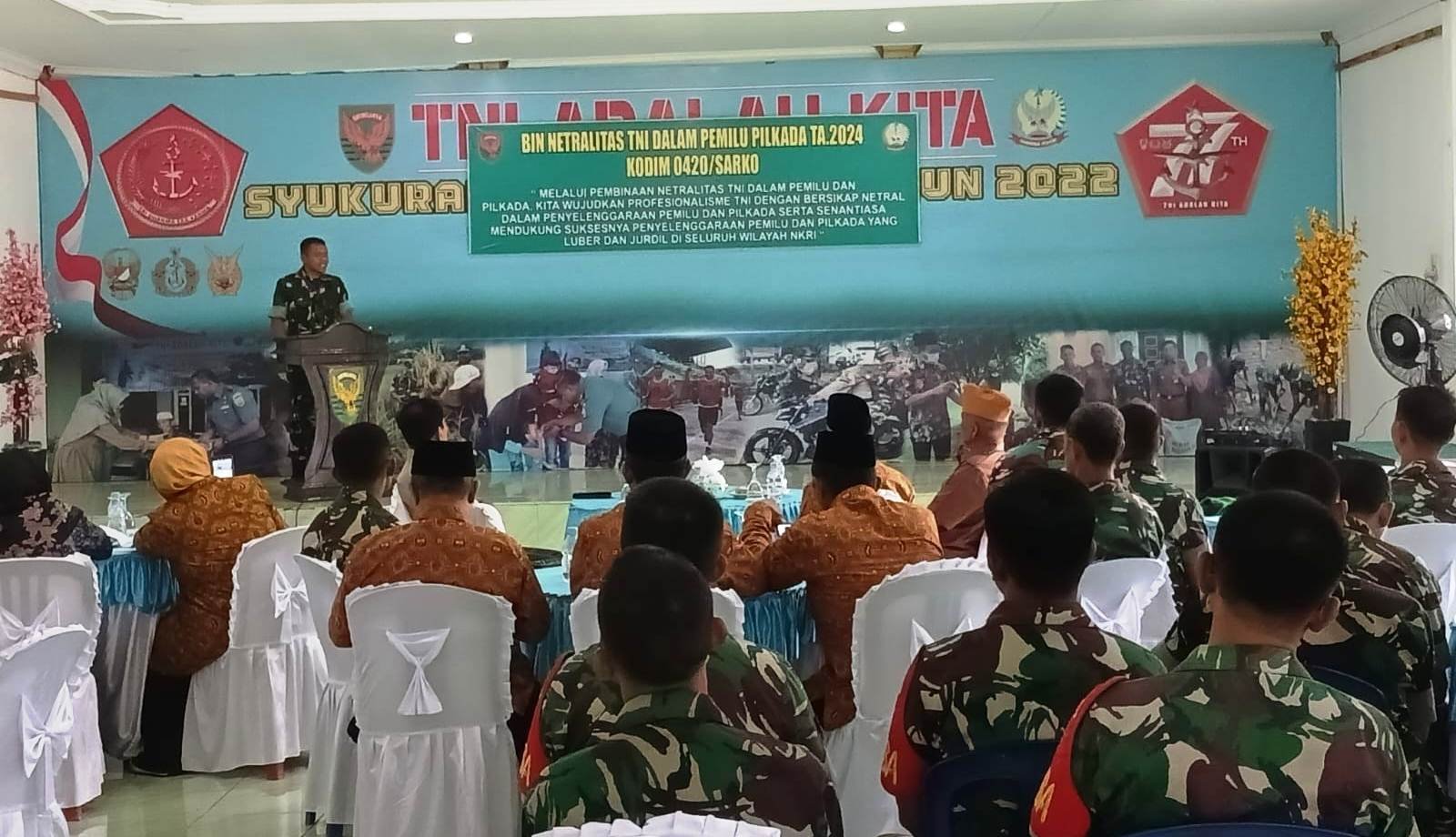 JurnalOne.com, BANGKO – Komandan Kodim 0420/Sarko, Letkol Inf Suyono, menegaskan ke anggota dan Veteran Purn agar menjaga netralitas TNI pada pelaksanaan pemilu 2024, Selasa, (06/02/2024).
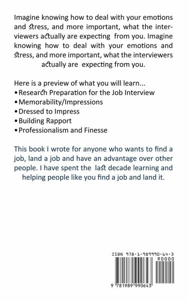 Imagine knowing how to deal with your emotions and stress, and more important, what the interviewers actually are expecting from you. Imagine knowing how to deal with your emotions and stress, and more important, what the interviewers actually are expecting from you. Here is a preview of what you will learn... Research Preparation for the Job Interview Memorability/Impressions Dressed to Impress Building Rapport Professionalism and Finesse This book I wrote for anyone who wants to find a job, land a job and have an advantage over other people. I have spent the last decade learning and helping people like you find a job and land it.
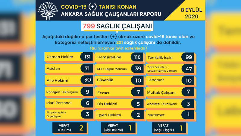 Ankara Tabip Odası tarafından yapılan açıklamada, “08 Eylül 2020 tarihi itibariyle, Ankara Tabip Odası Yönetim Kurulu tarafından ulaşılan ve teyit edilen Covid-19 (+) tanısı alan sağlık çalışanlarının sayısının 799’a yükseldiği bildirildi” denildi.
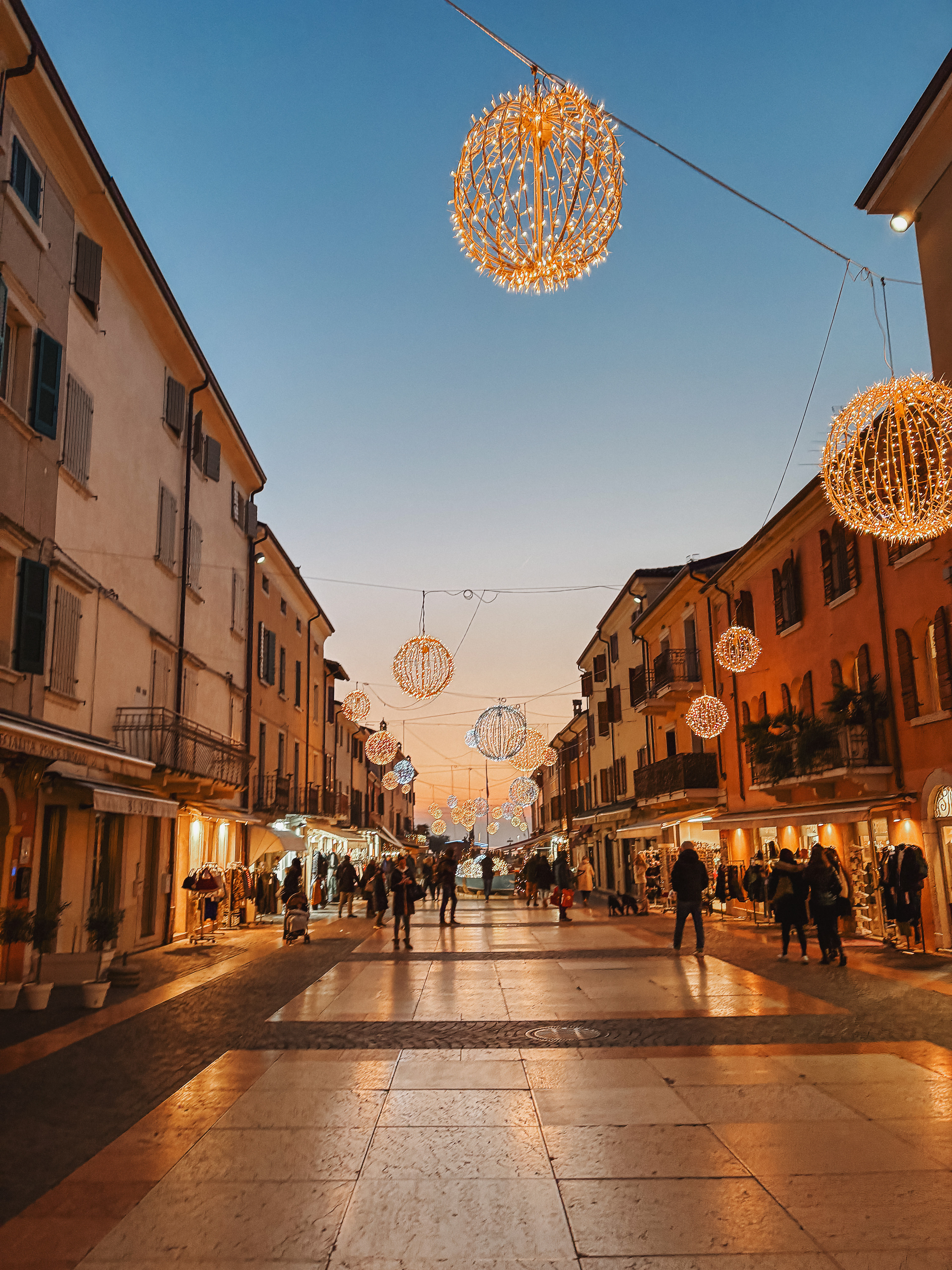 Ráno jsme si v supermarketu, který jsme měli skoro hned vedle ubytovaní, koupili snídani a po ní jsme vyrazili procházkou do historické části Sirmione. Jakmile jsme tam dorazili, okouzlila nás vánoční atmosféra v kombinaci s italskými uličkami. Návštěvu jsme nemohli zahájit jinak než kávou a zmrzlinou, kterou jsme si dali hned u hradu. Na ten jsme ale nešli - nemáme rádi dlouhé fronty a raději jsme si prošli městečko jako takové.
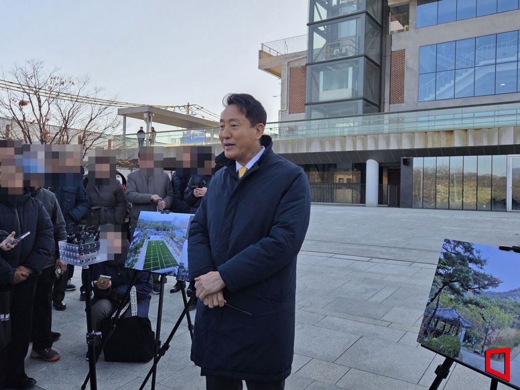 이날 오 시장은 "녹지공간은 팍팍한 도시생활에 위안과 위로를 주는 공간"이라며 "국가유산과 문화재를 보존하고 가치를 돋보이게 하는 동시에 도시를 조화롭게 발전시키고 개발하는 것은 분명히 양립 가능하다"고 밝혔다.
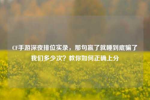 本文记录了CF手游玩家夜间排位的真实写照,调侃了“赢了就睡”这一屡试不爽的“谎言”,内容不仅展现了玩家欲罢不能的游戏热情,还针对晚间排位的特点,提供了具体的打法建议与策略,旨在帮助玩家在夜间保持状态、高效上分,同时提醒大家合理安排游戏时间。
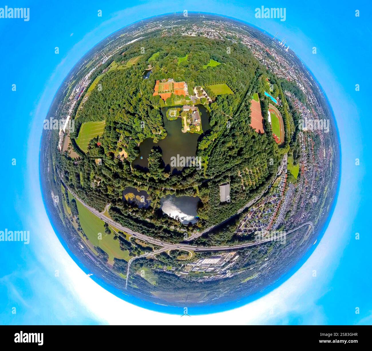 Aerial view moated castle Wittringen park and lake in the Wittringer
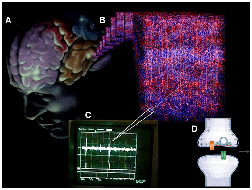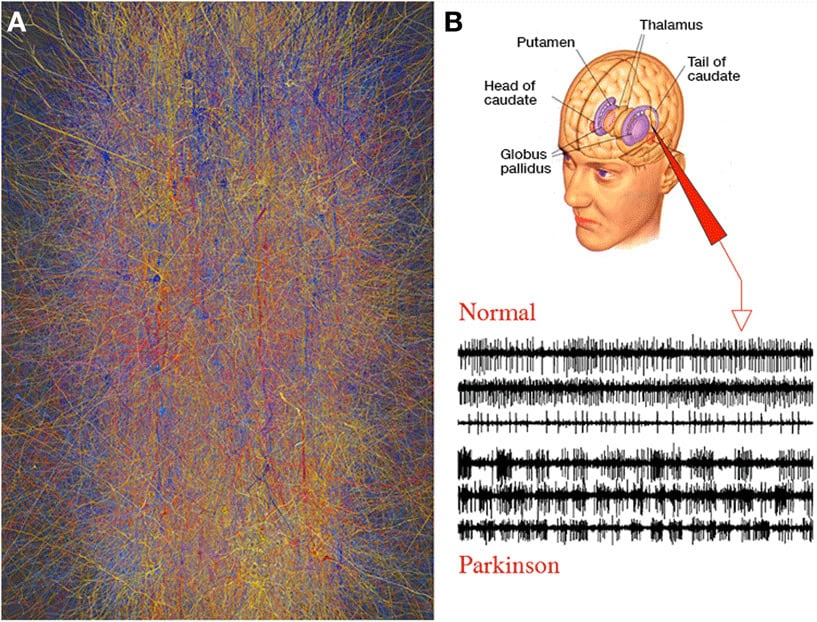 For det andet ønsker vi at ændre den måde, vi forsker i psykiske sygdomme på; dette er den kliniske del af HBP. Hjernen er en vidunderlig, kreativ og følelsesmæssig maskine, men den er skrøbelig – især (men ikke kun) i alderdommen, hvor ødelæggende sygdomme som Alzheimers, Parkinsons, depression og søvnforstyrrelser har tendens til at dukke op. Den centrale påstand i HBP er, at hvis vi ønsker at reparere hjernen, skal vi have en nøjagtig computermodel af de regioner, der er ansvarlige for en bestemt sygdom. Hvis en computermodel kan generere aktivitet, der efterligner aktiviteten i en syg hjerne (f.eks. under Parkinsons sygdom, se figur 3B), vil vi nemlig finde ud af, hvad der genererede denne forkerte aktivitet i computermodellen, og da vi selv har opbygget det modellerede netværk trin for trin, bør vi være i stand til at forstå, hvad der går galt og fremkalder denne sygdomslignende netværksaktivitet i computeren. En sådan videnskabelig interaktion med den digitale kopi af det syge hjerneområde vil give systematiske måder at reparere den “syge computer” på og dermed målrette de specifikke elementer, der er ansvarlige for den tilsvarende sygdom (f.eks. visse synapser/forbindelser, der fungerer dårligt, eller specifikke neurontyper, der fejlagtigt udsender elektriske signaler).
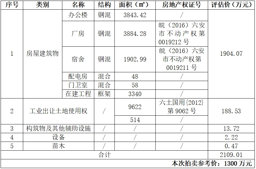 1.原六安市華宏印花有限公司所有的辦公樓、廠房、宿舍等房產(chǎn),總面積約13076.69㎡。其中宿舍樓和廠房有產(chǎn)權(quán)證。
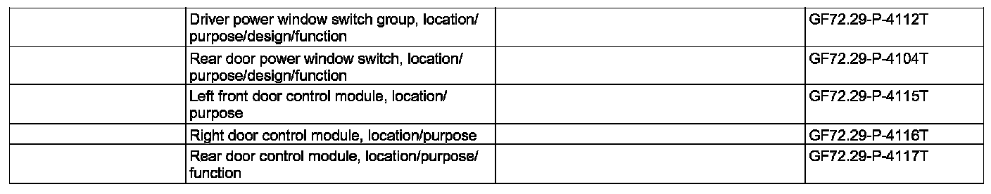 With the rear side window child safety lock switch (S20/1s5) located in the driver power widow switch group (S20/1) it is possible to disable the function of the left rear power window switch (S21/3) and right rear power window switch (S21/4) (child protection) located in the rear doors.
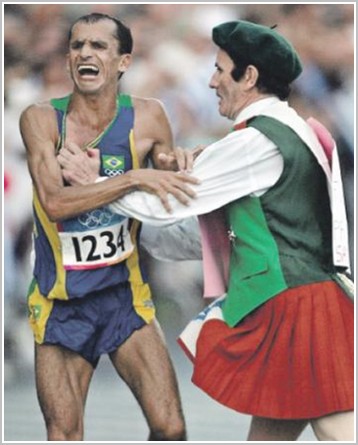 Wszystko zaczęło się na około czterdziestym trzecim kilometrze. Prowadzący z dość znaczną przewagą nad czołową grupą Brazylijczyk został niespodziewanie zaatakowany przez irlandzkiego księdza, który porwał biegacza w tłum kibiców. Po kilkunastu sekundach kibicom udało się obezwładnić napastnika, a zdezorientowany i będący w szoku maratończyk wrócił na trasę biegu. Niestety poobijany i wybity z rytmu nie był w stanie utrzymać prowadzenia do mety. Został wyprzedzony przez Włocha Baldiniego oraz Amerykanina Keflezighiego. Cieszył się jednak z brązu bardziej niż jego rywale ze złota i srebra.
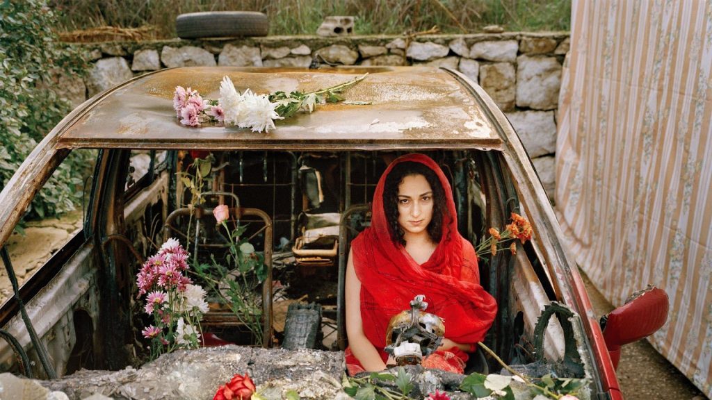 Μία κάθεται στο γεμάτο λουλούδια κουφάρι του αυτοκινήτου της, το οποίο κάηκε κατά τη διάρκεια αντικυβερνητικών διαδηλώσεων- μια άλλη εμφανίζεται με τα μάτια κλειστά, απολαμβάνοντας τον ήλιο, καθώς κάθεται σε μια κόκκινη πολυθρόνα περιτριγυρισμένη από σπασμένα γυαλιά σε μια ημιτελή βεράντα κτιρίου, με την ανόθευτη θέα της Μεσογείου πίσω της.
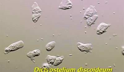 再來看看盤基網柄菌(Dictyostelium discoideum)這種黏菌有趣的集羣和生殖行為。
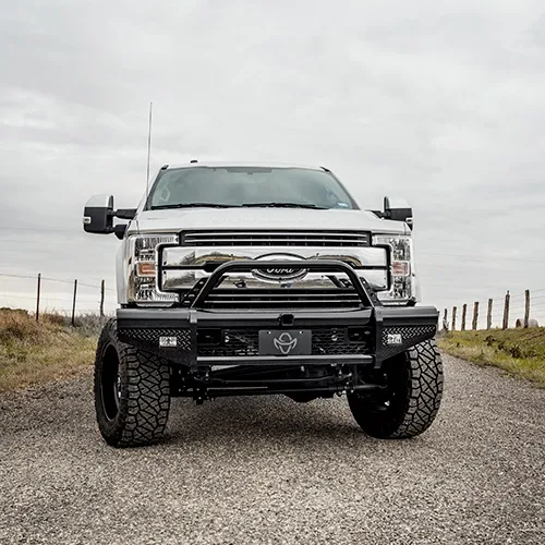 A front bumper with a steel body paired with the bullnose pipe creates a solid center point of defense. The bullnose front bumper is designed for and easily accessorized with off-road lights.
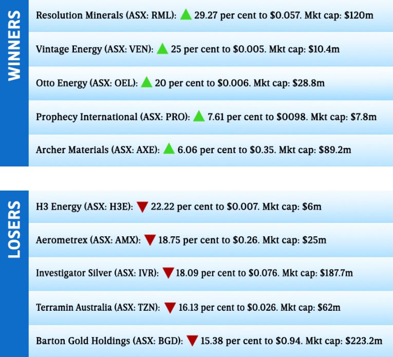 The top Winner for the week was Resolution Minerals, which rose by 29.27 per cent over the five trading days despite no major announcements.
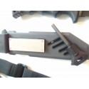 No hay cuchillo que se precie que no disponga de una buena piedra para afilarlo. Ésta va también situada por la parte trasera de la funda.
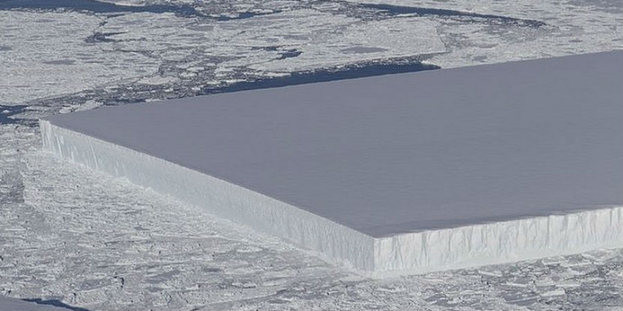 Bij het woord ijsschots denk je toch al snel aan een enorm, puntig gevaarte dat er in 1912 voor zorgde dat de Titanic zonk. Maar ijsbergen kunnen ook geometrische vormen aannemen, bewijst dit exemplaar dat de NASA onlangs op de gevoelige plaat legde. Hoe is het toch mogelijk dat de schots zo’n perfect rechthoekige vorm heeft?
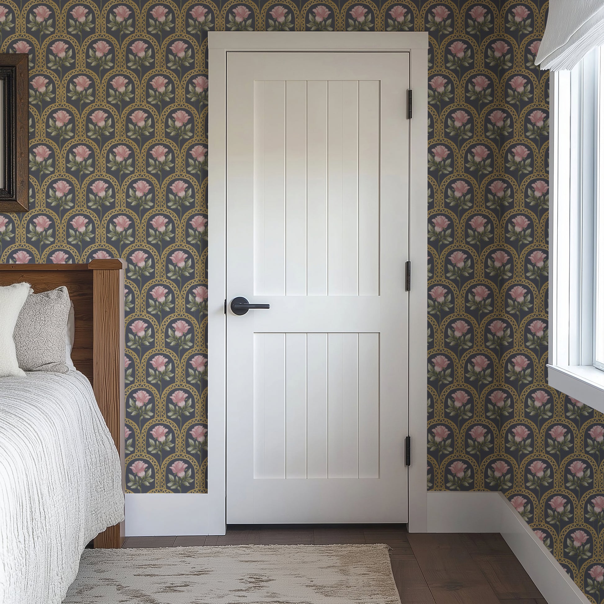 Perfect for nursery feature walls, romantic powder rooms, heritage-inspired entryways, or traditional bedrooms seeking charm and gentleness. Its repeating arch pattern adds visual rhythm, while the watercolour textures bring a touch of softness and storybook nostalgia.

--

# [WORK ITEM]
Output the listing word for word. Drop the pictures.

# [RESULT FOR THIS TASK]
 JurnalOne.com, BANGKO – Komandan Kodim 0420/Sarko, Letkol Inf Suyono, menegaskan ke anggota dan Veteran Purn agar menjaga netralitas TNI pada pelaksanaan pemilu 2024, Selasa, (06/02/2024).
 Imagine knowing how to deal with your emotions and stress, and more important, what the interviewers actually are expecting from you. Imagine knowing how to deal with your emotions and stress, and more important, what the interviewers actually are expecting from you. Here is a preview of what you will learn... Research Preparation for the Job Interview Memorability/Impressions Dressed to Impress Building Rapport Professionalism and Finesse This book I wrote for anyone who wants to find a job, land a job and have an advantage over other people. I have spent the last decade learning and helping people like you find a job and land it.
 Ankara Tabip Odası tarafından yapılan açıklamada, “08 Eylül 2020 tarihi itibariyle, Ankara Tabip Odası Yönetim Kurulu tarafından ulaşılan ve teyit edilen Covid-19 (+) tanısı alan sağlık çalışanlarının sayısının 799’a yükseldiği bildirildi” denildi.
 Ráno jsme si v supermarketu, který jsme měli skoro hned vedle ubytovaní, koupili snídani a po ní jsme vyrazili procházkou do historické části Sirmione. Jakmile jsme tam dorazili, okouzlila nás vánoční atmosféra v kombinaci s italskými uličkami. Návštěvu jsme nemohli zahájit jinak než kávou a zmrzlinou, kterou jsme si dali hned u hradu. Na ten jsme ale nešli - nemáme rádi dlouhé fronty a raději jsme si prošli městečko jako takové.
 이날 오 시장은 "녹지공간은 팍팍한 도시생활에 위안과 위로를 주는 공간"이라며 "국가유산과 문화재를 보존하고 가치를 돋보이게 하는 동시에 도시를 조화롭게 발전시키고 개발하는 것은 분명히 양립 가능하다"고 밝혔다.
 本文记录了CF手游玩家夜间排位的真实写照,调侃了“赢了就睡”这一屡试不爽的“谎言”,内容不仅展现了玩家欲罢不能的游戏热情,还针对晚间排位的特点,提供了具体的打法建议与策略,旨在帮助玩家在夜间保持状态、高效上分,同时提醒大家合理安排游戏时间。
 Aerial view moated castle Wittringen park and lake in the Wittringer
 For det andet ønsker vi at ændre den måde, vi forsker i psykiske sygdomme på; dette er den kliniske del af HBP. Hjernen er en vidunderlig, kreativ og følelsesmæssig maskine, men den er skrøbelig – især (men ikke kun) i alderdommen, hvor ødelæggende sygdomme som Alzheimers, Parkinsons, depression og søvnforstyrrelser har tendens til at dukke op. Den centrale påstand i HBP er, at hvis vi ønsker at reparere hjernen, skal vi have en nøjagtig computermodel af de regioner, der er ansvarlige for en bestemt sygdom. Hvis en computermodel kan generere aktivitet, der efterligner aktiviteten i en syg hjerne (f.eks. under Parkinsons sygdom, se figur 3B), vil vi nemlig finde ud af, hvad der genererede denne forkerte aktivitet i computermodellen, og da vi selv har opbygget det modellerede netværk trin for trin, bør vi være i stand til at forstå, hvad der går galt og fremkalder denne sygdomslignende netværksaktivitet i computeren. En sådan videnskabelig interaktion med den digitale kopi af det syge hjerneområde vil give systematiske måder at reparere den “syge computer” på og dermed målrette de specifikke elementer, der er ansvarlige for den tilsvarende sygdom (f.eks. visse synapser/forbindelser, der fungerer dårligt, eller specifikke neurontyper, der fejlagtigt udsender elektriske signaler).
 1.原六安市華宏印花有限公司所有的辦公樓、廠房、宿舍等房產(chǎn),總面積約13076.69㎡。其中宿舍樓和廠房有產(chǎn)權(quán)證。
 With the rear side window child safety lock switch (S20/1s5) located in the driver power widow switch group (S20/1) it is possible to disable the function of the left rear power window switch (S21/3) and right rear power window switch (S21/4) (child protection) located in the rear doors.
 Wszystko zaczęło się na około czterdziestym trzecim kilometrze. Prowadzący z dość znaczną przewagą nad czołową grupą Brazylijczyk został niespodziewanie zaatakowany przez irlandzkiego księdza, który porwał biegacza w tłum kibiców. Po kilkunastu sekundach kibicom udało się obezwładnić napastnika, a zdezorientowany i będący w szoku maratończyk wrócił na trasę biegu. Niestety poobijany i wybity z rytmu nie był w stanie utrzymać prowadzenia do mety. Został wyprzedzony przez Włocha Baldiniego oraz Amerykanina Keflezighiego. Cieszył się jednak z brązu bardziej niż jego rywale ze złota i srebra.
 Μία κάθεται στο γεμάτο λουλούδια κουφάρι του αυτοκινήτου της, το οποίο κάηκε κατά τη διάρκεια αντικυβερνητικών διαδηλώσεων- μια άλλη εμφανίζεται με τα μάτια κλειστά, απολαμβάνοντας τον ήλιο, καθώς κάθεται σε μια κόκκινη πολυθρόνα περιτριγυρισμένη από σπασμένα γυαλιά σε μια ημιτελή βεράντα κτιρίου, με την ανόθευτη θέα της Μεσογείου πίσω της.
 再來看看盤基網柄菌(Dictyostelium discoideum)這種黏菌有趣的集羣和生殖行為。
 A front bumper with a steel body paired with the bullnose pipe creates a solid center point of defense. The bullnose front bumper is designed for and easily accessorized with off-road lights.
 The top Winner for the week was Resolution Minerals, which rose by 29.27 per cent over the five trading days despite no major announcements.
 No hay cuchillo que se precie que no disponga de una buena piedra para afilarlo. Ésta va también situada por la parte trasera de la funda.
 Bij het woord ijsschots denk je toch al snel aan een enorm, puntig gevaarte dat er in 1912 voor zorgde dat de Titanic zonk. Maar ijsbergen kunnen ook geometrische vormen aannemen, bewijst dit exemplaar dat de NASA onlangs op de gevoelige plaat legde. Hoe is het toch mogelijk dat de schots zo’n perfect rechthoekige vorm heeft?
 Perfect for nursery feature walls, romantic powder rooms, heritage-inspired entryways, or traditional bedrooms seeking charm and gentleness. Its repeating arch pattern adds visual rhythm, while the watercolour textures bring a touch of softness and storybook nostalgia.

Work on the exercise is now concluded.